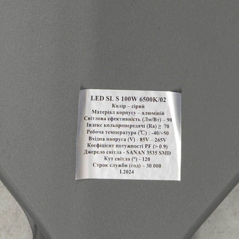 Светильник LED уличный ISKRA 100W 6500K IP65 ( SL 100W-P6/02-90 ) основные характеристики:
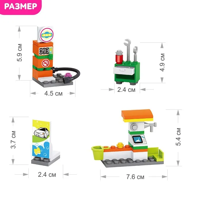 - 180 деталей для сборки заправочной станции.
=======
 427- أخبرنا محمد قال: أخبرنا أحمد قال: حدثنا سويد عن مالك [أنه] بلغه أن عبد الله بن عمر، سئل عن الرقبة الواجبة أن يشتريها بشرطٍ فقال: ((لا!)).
=======
Once the line with "Светильник LED уличный" has been found above, output that line and every later line exactly, stopping after the line with "- 180 деталей", and omit the pictures.

● **Solution for this task**:
 Светильник LED уличный ISKRA 100W 6500K IP65 ( SL 100W-P6/02-90 ) основные характеристики:
 - 180 деталей для сборки заправочной станции.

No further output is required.